Projects
A selection of my projects on HCI and AI.
DocHub: Facilitating Comprehension of Documents via Structured Sensemaking with Large Language Models
We propose DocHub, a LLM-based interactive system that (1) identifies and visualizes crucial data and their interconnections within documents as node-link diagrams, (2) offers an interactive interface allowing users to modify these visualizations for tailored insights and to pose detailed, context-specific queries for deeper understanding, and (3) features a non-linear abstraction framework to adeptly handle and streamline the complexity of information presented.

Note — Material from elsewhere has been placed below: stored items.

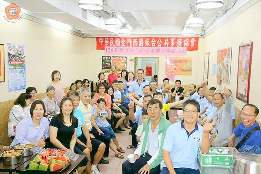 今年端午節前夕,金門西園旅台公共事務協會為了凝聚旅台鄉親情感,與去年同樣在中和區南勢角黃家麵線餐廳舉辦「106年歡度端午節粽葉飄香聯誼活動」。金門縣政府北區服務處主任陳再旺代表陳福海縣長向西園鄉親賀節,祝福鄉親「闔家平安、端午佳節愉快」。同時新北市陳錦錠議員,也前來蒞臨指導,與旅台的金門西園鄉親歡度端午佳節。 活動當天,報名參加粽葉飄香活動的鄉親相當踴躍,早早就來到活動現場。活動長黃夢蓮偕同志工媽媽,於兩天前就開始進行採購備料及粽葉清洗衛生乾淨的前置作業,隨後並由志工媽媽負責將食材料理入味,然後再由鄉親一起來體驗包粽子的樂趣,感受一下端午傳統節慶的氛圍。 在志工媽媽和鄉親的努力下,900多顆風味絕佳道地的金門肉粽先後出爐,一串串地掛在活動會場,鄉親嚐後也都讚不絕口。黃理事長在致詞中,除了感謝鄉親的熱烈參與,也感謝所有的會職人員及志工媽媽的辛勞,讓每年的活動,都能夠辦得有聲有色,所以他期望活動能夠延續下去。 活動於當日下2點多圓滿結束,西園協會也貼心的為每一位參加活動的鄉親,準備了肉粽當伴手禮,讓鄉親帶回家與家人分享。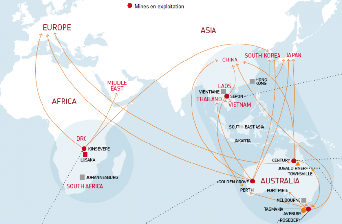 MMG est un des plus gros producteurs mondiaux de zinc avec une production de 600 kt (métal contenu) en 2013 issue de ses trois mines australiennes : Century, dans le Queensland, qui a produit 488 kt de zinc (métal contenu), mais qui devrait fermer courant 2015 ; Rosebery (88 kt de zinc, métal contenu) en Tasmanie et Golden Grove (23 kt, métal contenu) en Australie Occidentale. La société opère également la mine de cuivre de Sepon (90 kt, métal contenu) au Laos et Kinsevere en République Démocratique du Congo (62 kt de cuivre cathode).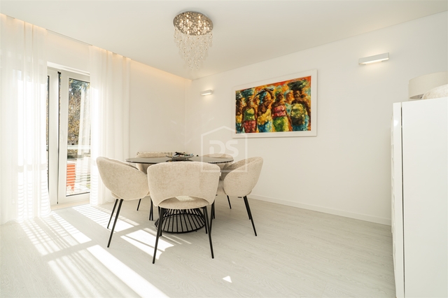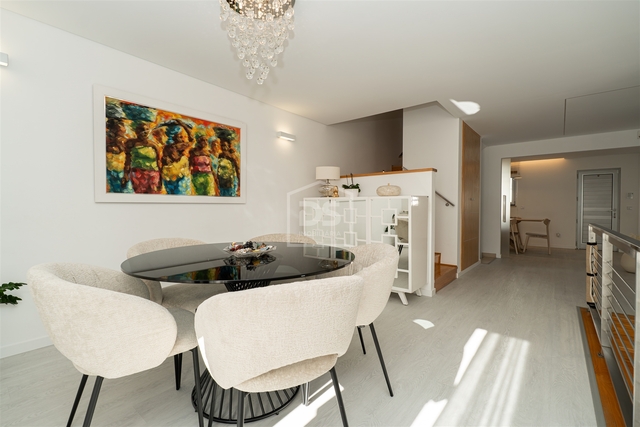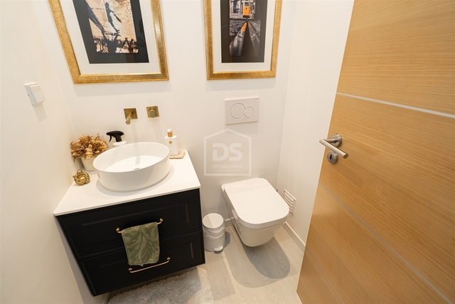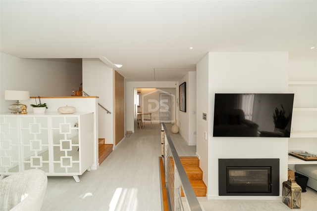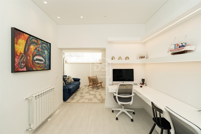 • No piso principal, uma sala ampla e luminosa, cozinha moderna, casa de banho de serviço e ligação direta ao exterior.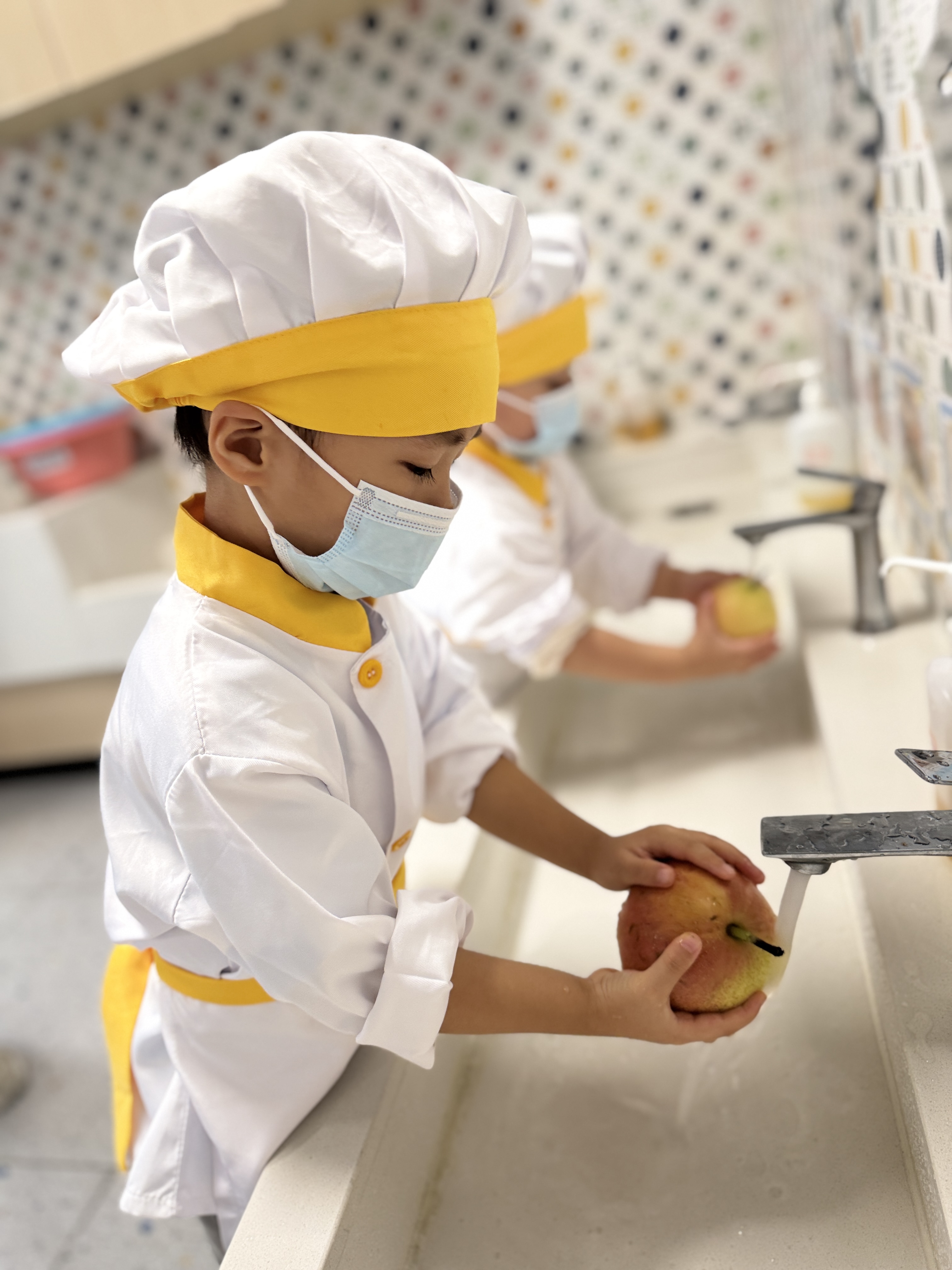 寒露时节,一碗热腾腾的“寒露汤”最能温暖身心。孩子们在老师的指导下学习制作这道暖汤。大家将梨子、银耳等食材一一清洗、泡发、削皮、切块……最后把准备好的食材放入锅中一同炖煮,静静等待香气四溢的时刻。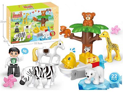 动物派对动物园兼容乐高大颗粒积木拼装科教益智解压过家家卡通玩具22PCS
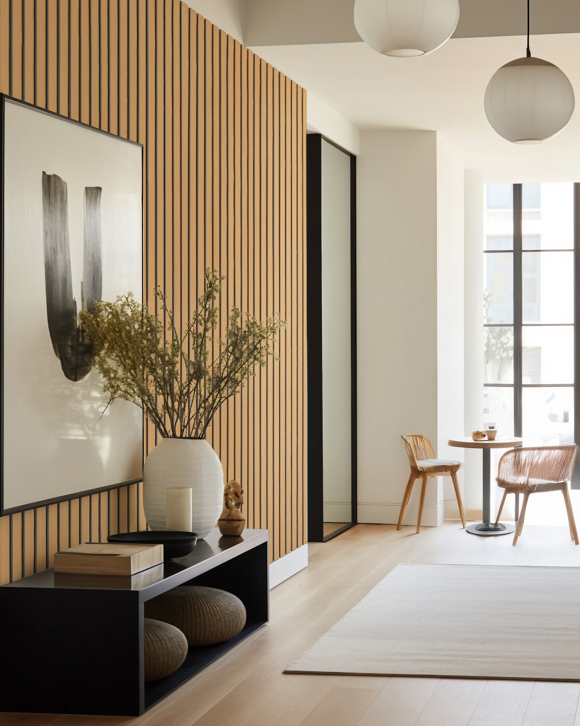 Lamele zamontowane na dźwiękochłonnym filcu tłumią pogłos i niwelują echo – idealne do przestrzeni, w których chcesz się skupić, odpocząć lub rozmawiać bez zakłóceń.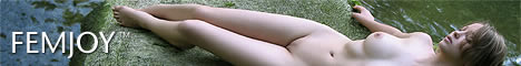 Busty brunette FEMJOY model Adelia with natural bush outdoors nude in Smile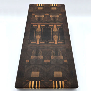 Made to order, by hand, in a small town in Ontario by a true artisan.  This stunning board is available in combinations of Canadian sourced walnut, cherry, and maple.  There are no stains or dyes, only the natural beauty of the wood showcasing designs reminiscent of the beautiful patterns and designs of wooden inlay. Classic and timeless, a true work of art to be cherished.
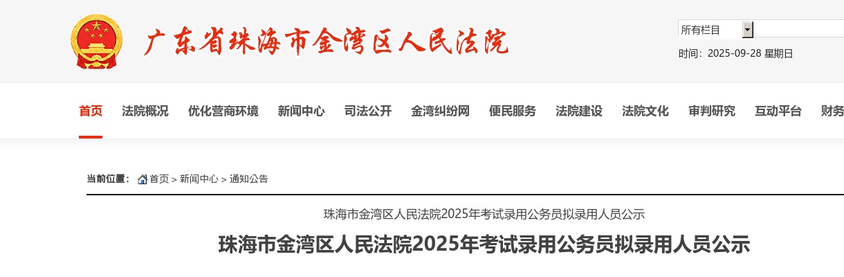 【2025广东珠海市金湾区人民法院考试录用公务员拟录用公示(3人)】相关岗位: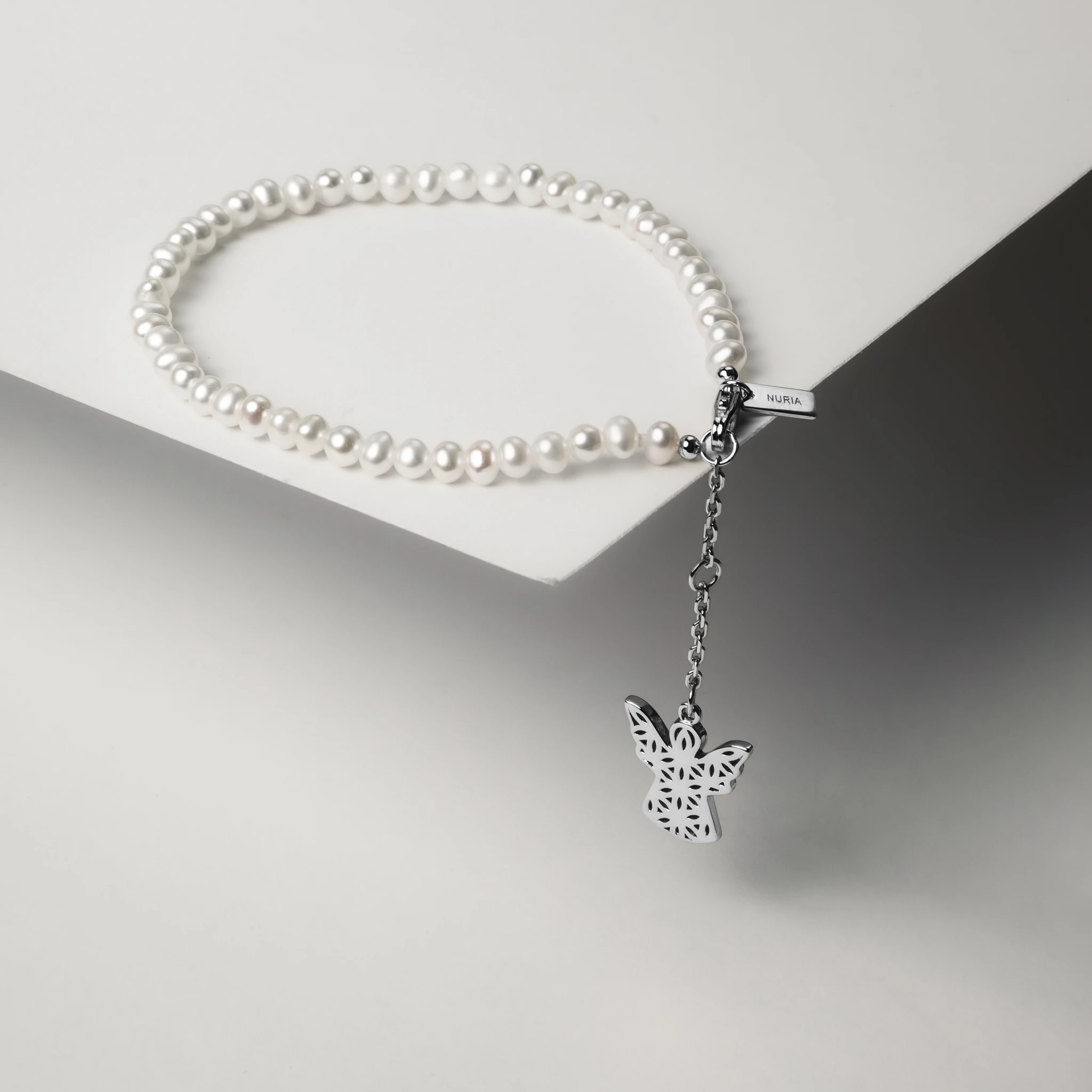 INNER CODE este alcătuită dintr-un șir de perle naturale de cultură. Sistemul de închidere, lănțișorul de susținere și simbolul sunt realizate din argint placat cu rodiu care îl protejează de uzură și îi oferă o strălucire suplimentară. Propunerea noastră? O selecție unică de forme, alese pentru a exprima un stil fermecător – feminitate delicată, sensibilitate romantică. Linii simple și inserții cu cristale de zirconiu ce creează o impresie de tinerețe atemporală. Astfel, bijuteriile NURIA reprezintă alegerea potrivită atât pentru zi, cât și pentru seară.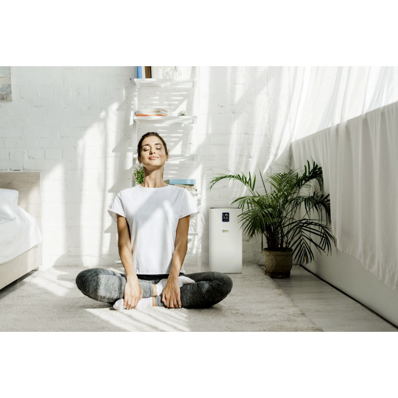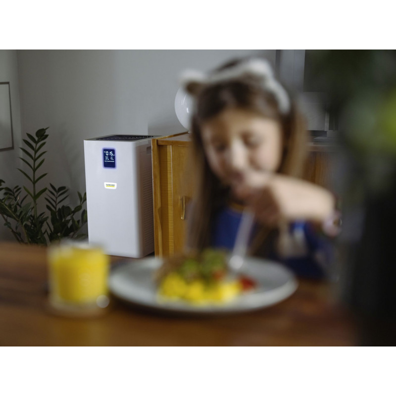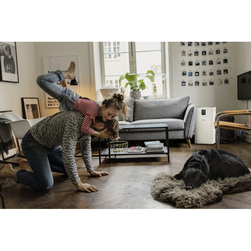 Tökéletes légtisztítás nagyobb beltéri helyiségek, szobák és munkahelyek számára: Az AF 50 légtisztító többrétegű szűrőrendszere révén megtisztítja a beltéri levegőt az allergénektől, a szennyező anyagoktól és a kórokozóktól. A további funkciói közé tartozik: Az aktív szénréteg, valamint egy kijelző, amely alfanumerikusan mutatja a levegő minőségét µg/m3-enként PM2,5 részecskékben, illetve színkóddal is jelzi levegő minőségét, továbbá a hőmérsékletet és a relatív páratartalmat is. A légtisztító több dolog miatt is kiváló választás, ilyenek például: az időzítő funkció, a gyermekbiztonsági zár, az éjszakai üzemmód és az ultracsendes működés, valamint a 0,3 µm-es részecskék esetében a 99,95%-os szűrőhatékonyság, továbbá az automatikus üzemmód kiváló minőségű lézeres érzékelője is. Ez azt jelenti, hogy az automatikus üzemmód és a teljesítményszint is automatikusan a légszennyezettség mértékéhez igazodik. A szűrő élettartama a légszennyezettség mértékétől és a használat intenzitásától függően körülbelül egy év.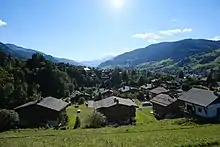 Le val d'Arly est une vallée alpine de Savoie et Haute-Savoie située entre la chaîne des Aravis au nord-ouest, le massif du Beaufortain au sud-est, le massif des Bauges à l'ouest, la vallée de l'Arve au nord-est et la combe de Savoie au sud-ouest, faisant de lui une section du sillon alpin[3],[4]. Façonné par le glacier de l'Arve qui y envoyait une diffluence lors des maximums glaciaires, le haut val d'Arly adopte un profil en auge qui contraste avec les petites vallées latérales plus escarpées et encaissées du massif du Beaufortain et des contreforts de la chaîne des Aravis. Sa position à 500 à 600 mètres au-dessus des grandes vallées auxquelles il est raccordé — via les gorges de l'Arly vers la combe de Savoie au sud-ouest et via un coteau pour la vallée de l'Arve au nord-est — le qualifie de « suspendu ».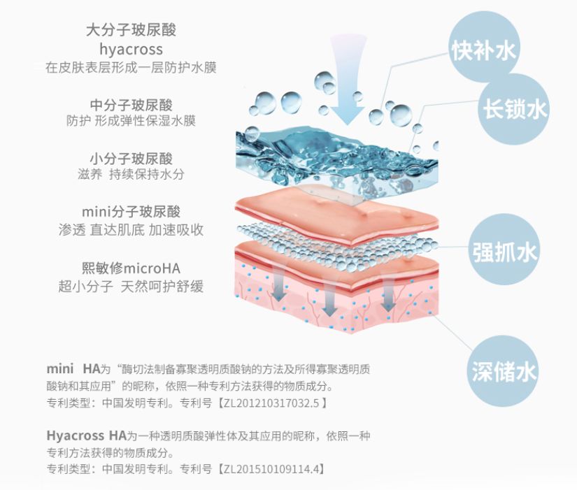 其中的熙敏修,這個小家伙值得我們來好好念叨念叨。它屬于華熙生物研發(fā)的最小分子的透明質酸,采用專利酶切工藝,突破性分子量(≤5KDA),能迅速穿透肌膚表層,深入直達肌底,和其他的玻尿酸成分相比他的透皮吸收率真的hin高!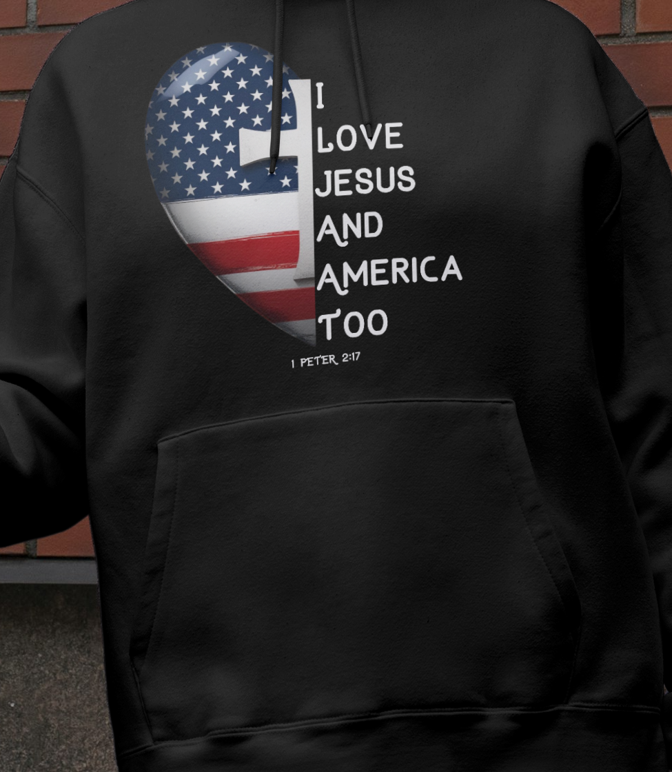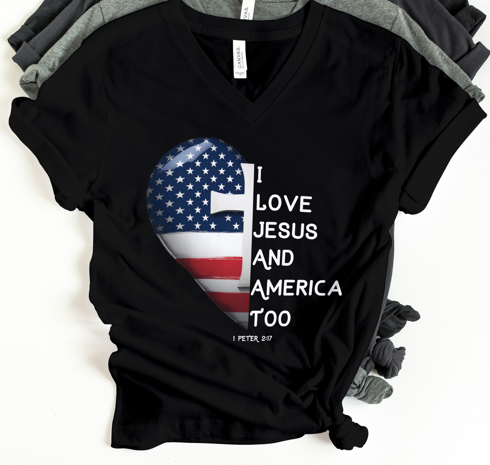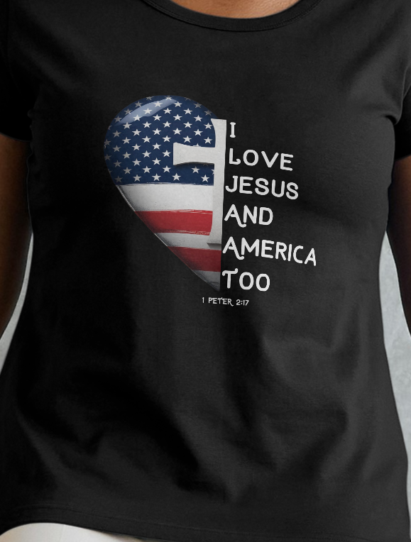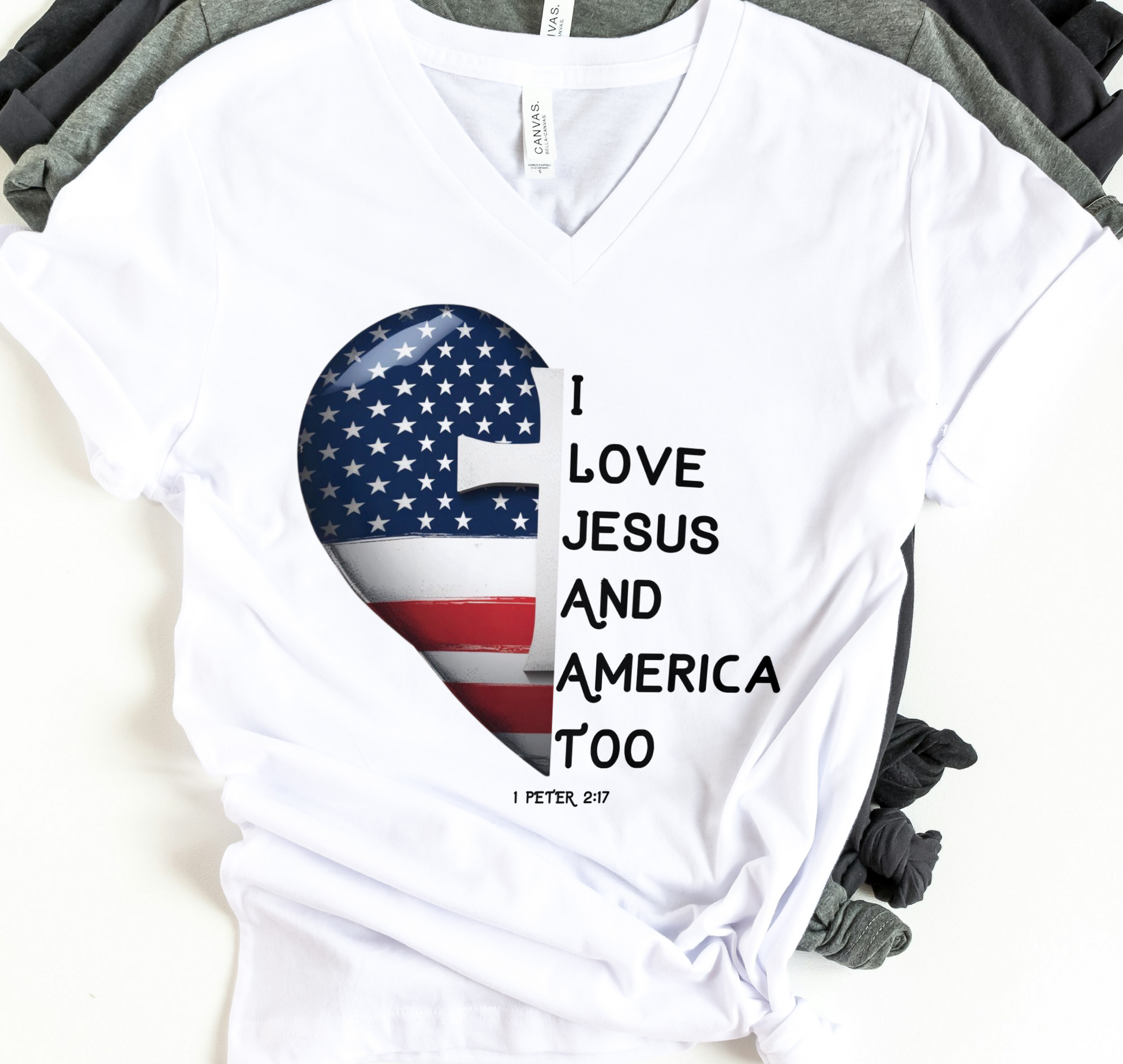 Half heart with American flag and cross and half words that say I love Jesus and America too. This design also features the sripture 1 Peter 2:17 which says: Honor all people. Love the brotherhood. Fear God. Honor the king.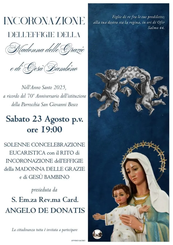 Il rito di Incoronazione avverrà sabato 23 agosto 2025 alle ore 19:00, durante la Santa Messa solenne che sarà presieduta da Sua Eminenza Reverendissima il Cardinale Angelo De Donatis, Penitenziere Maggiore.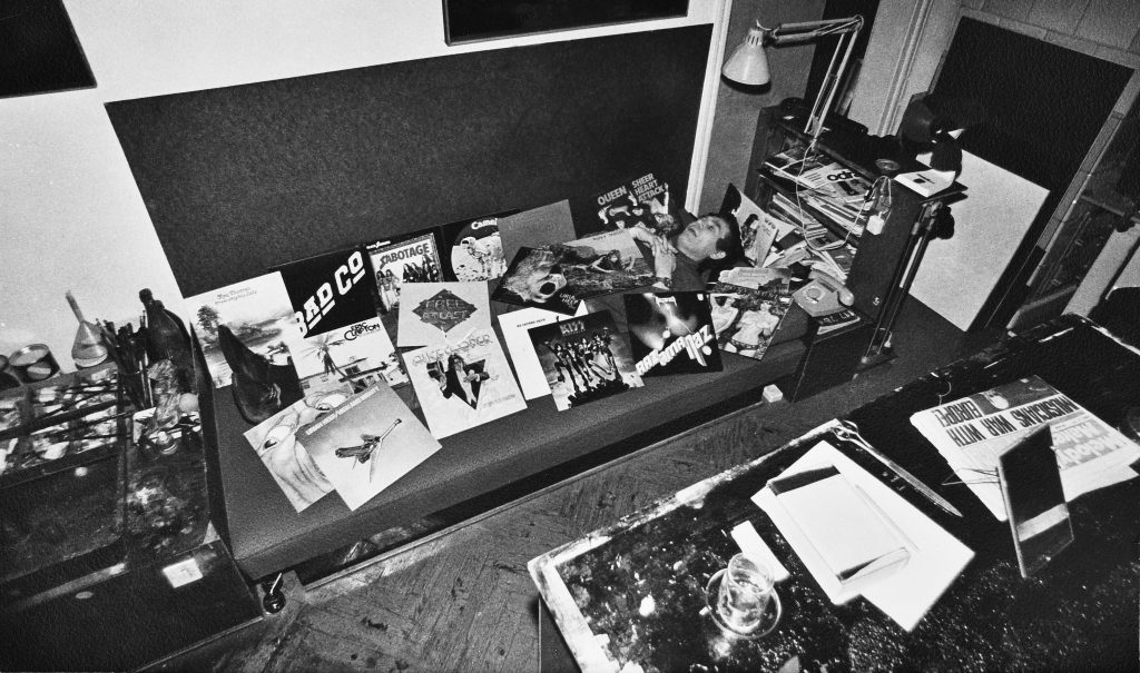 Здзислав Бексиньский позирует со своими пластинками Lynyrd Skynyrd в своей студии в Саноке, около 1976 года. Исторический музей Санока.

Who's Hated: Detecting and Analyzing the Entities Targeted by Hateful Memes
Hateful memes pose a significant threat to the well-being of online communities. Therefore, developing automated systems for the detection and analysis of hateful memes is crucial to mitigate their adverse impact; nonetheless, it is an intrinsically difficult and open problem: memes convey messages using both images and texts and, hence, require multimodal reasoning. While previous research has examined similar problems, they are quite limited; a holistic approach is lacking, particularly in terms of reasoning about the target entities. Moreover, there is little analysis that clarifies why certain entities are more susceptible, and no suggested measures have been put forth to specifically curb the dissemination of hateful memes. In this study, we aim to address these issues.
Hands-Free Is Fine: Gaze-Dominant Object Manipulation in Virtual Reality
Efficient object manipulation is critical to VR interaction, and hands-free is a method worth discussing. We introduce a hands-free gaze-dominant manipulating pipeline that significantly outperforms the current state-of-the-art methods.
CrossKeys: Text Entry for Virtual Reality Using a Single Controller via Wrist Rotation
Text entry is indispensable; notwithstanding, in virtual reality, an efficient andhandy text entry method is still wanted. Therefore, we propose an innovative one-handed text entry method to achieve a faster speed, higher accuracy, and better user experience.
Temporal Transformer Networks With Self-Supervision for Action Recognition.
Cross-Attention ReID, a state-of-the-art approach to realizing pedestrians' re-identification based on training with large-scale datasets generated by single-channeled IR cameras and three-channeled RGB cameras.
Cat Breeds Classifier
I love cats 😍 🐈! A simple CNN (Convolutional Neural Network) to classify different cat breeds. Built with PyTorch 🔥.